Many landlords introduce properties into their rental businesses, which may have already been held for some time (e.g. gifted or inherited property). Those landlords are, in effect, introducing capital into the business, broadly equal to the market value of the property when it was introduced, less any outstanding mortgage, etc.
HM Revenue and Customs (HMRC) guidance in its Business Income manual (at BIM45700) states that a business owner “may withdraw the profits of the business and the capital they have introduced to the business, even though substitute funding then has to be provided by interest bearing loans. The interest payable on the loans is an allowable deduction. This is on the basis that the purpose of the additional borrowing is to provide working capital for the business.”
Some property business owners may have previously (based on HMRC’s guidance in BIM45700) borrowed up to the value of a property when it was introduced into the property rental business, used the proceeds for a non-business purpose (e.g. cars, holidays), and claimed a deduction for the interest paid against rental profits. However, there was anecdotal evidence in 2017 of HMRC resisting interest relief claims for additional borrowings, unless those funds were used in the property business.
Following the introduction of a restriction in the deduction of interest and other finance costs related to residential property businesses, which applies to individual landlords from April 2017, some potentially affected landlords have considered incorporating their property rental businesses, as the restrictions on loan interest relief etc. do not apply to corporate landlords. However, incorporation could give rise to a capital gains tax (CGT) trap in certain cases.
For CGT purposes, the transfer of rental properties to a company upon incorporation will normally be treated as a disposal at market value. If the properties are standing a large capital gain, this could be a major obstacle to incorporation. However, CGT relief may be available in some cases.
The main form of CGT relief in these circumstances is rollover relief on the transfer of a business (e.g. a residential property rental business), commonly referred to as ‘incorporation relief’ (TCGA 1992, s 162).
Incorporation relief is subject to certain conditions, which are beyond the scope of this article. However, if the relief applies, the effect is broadly that the property gains attributable to the consideration received in the form of the company’s shares are deducted from the cost of those shares (i.e. the gains are effectively ‘rolled over’ and deducted from the cost to be allowed on a subsequent disposal of the shares).

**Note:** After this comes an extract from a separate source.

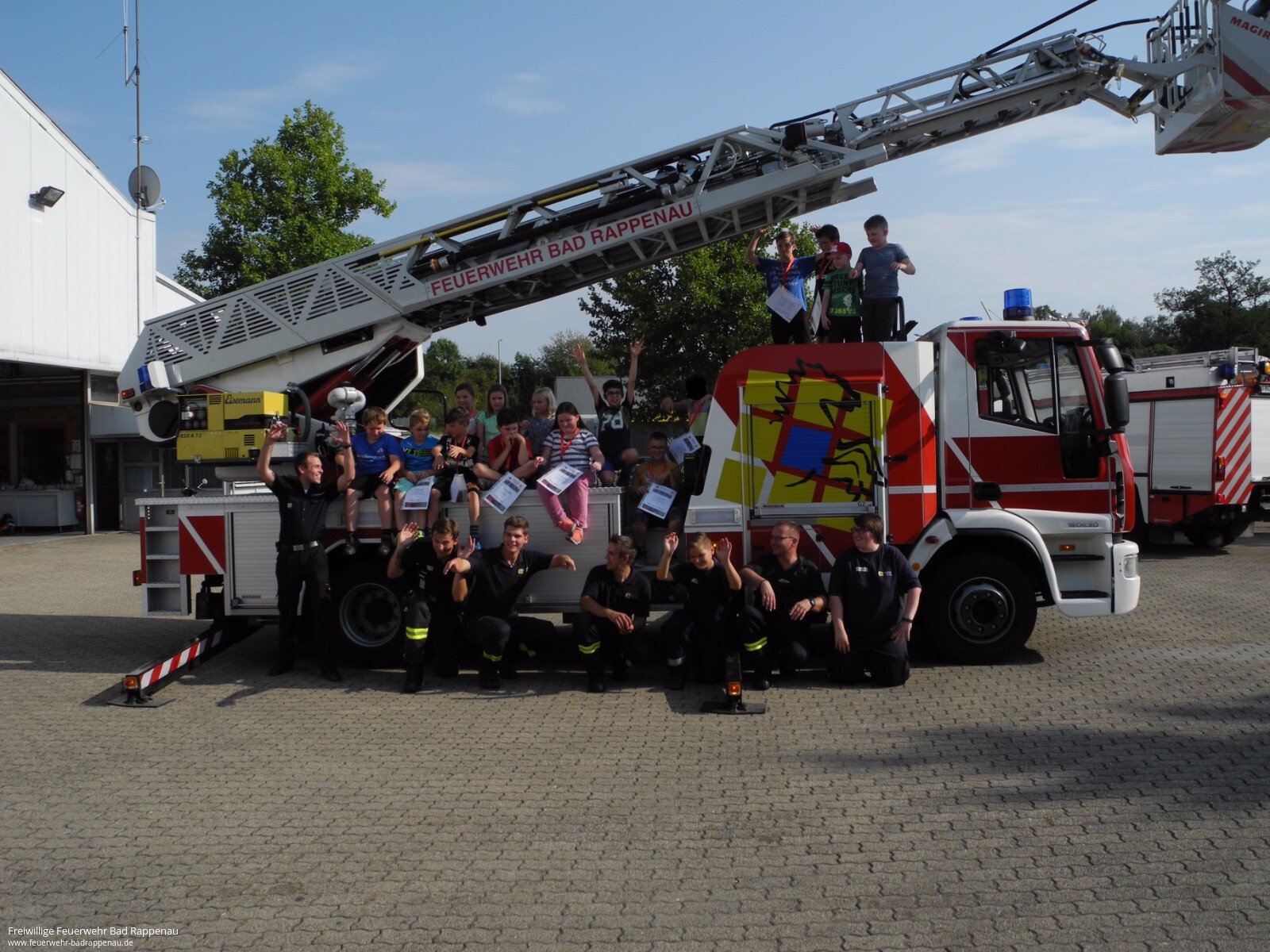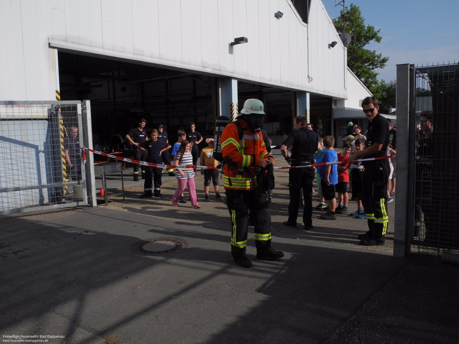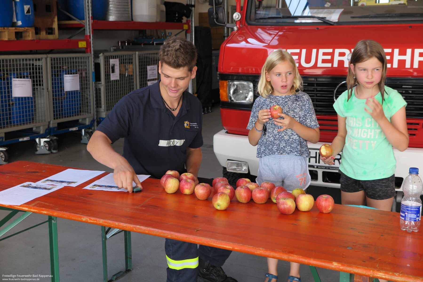 Am 25. August 2017 trafen sich 15 interessierte Kinder in der Feuerwehr Bad Rappenau im Rahmen des Kinderferienprogramms.Nach einer kurzen Begrüßung wurde den Kindern die persönliche Schutzausrüstung gezeigt, das Atemschutzgerät erklärt und vorgeführt wie man alles richtig anlegt.Danach wurden in Gruppen die Fahrzeuge und das Feuerwehrhaus der Abt. Bad Rappenau besichtigt.An weiteren 8 Stationen konnte man sein technisches und motorisches Geschick beim spielerischen Einsatz von Feuerwehrgeräten unter Beweis stellen.An einer Station, welche besonders lustig war, mussten die Kinder mit dem Mund einen Apfel aus einer Wasserschüssel holen. Hier blieb niemand trocken.Um Geschicklichkeit ging es auch beim Leinenbeutelzielwerfen, Schlauchkegeln oder als unsere kleinen Besucher versuchten einen aufgeblasenen Wasserball eine Steckleiter hochzuspritzen.Absolutes Highlight war wieder die Fahrt mit der Drehleiter.Nach dem gemeinsamen Essen der gegrillten Würstchen gab es für die Kinder und Ihre Eltern noch eine kleine Vorführung einer Fettexplosion.Hier war für alle beeindruckend zu sehen was passieren kann wenn man brennendes Fett versucht mit Wasser zu löschen.Glücklich und mit einer Urkunde über die Teilnahme beim Kinderferienprogramm bei der Feuerwehr verließen uns die Kinder 3 Stunden später dann wieder.

The relief is potentially restricted to the extent that the company pays for the business. ‘Payment’ for these purposes can include the company taking over the business owner’s liabilities. However, by concession, HMRC does not restrict incorporation relief if business liabilities (e.g. property loans) are taken over by the company (see extra statutory concession D32).

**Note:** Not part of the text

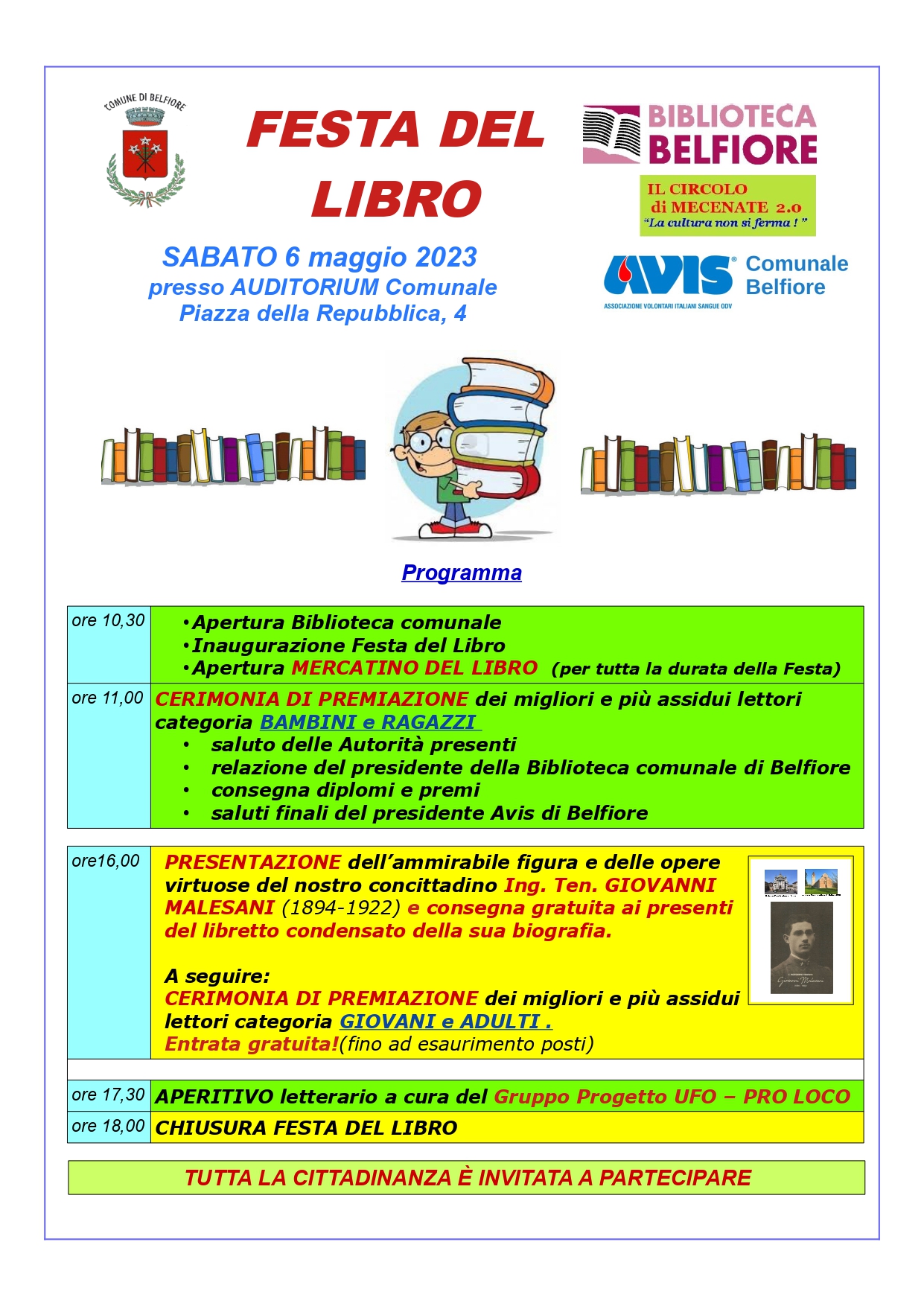 SINDACO del Comune di Belfiore Avv. Albertini Alessio, ASSESSORE ALLA CULTURA Avv. Mosele Arianna, PRESIDENTE AVIS Dott. Granetto IGOR,

However, the property gains that can be rolled over in this way cannot exceed the cost of the shares. For example, if the market values of the properties (plus other business assets) only marginally exceed liabilities, the base cost of the shares may be negligible. This could result in the amount of incorporation relief being restricted, and CGT immediately becoming due.

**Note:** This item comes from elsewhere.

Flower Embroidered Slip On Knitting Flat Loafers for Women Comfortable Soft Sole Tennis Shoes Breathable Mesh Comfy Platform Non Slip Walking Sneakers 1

Suppose that a landlord (perhaps having read BIM45700) borrowed up to the value of the properties he introduced into his property rental business. He now wishes to incorporate the business. However, his properties are standing at a substantial capital gain. If the value of the business assets (i.e. mainly the properties) and liabilities (i.e. the property loans) taken over by the business are broadly similar, his shares in the company might only have a nominal value. Consequently, even if the business transfer is eligible for incorporation relief, the gains rolled over against the cost of the shares are likely to be minimal. A CGT liability would therefore arise in the tax year of incorporation.
Outstanding borrowings and CGT reliefs are only two issues to consider. The decision whether to incorporate a property rental business must take both tax and non-tax implications into account, and care is needed.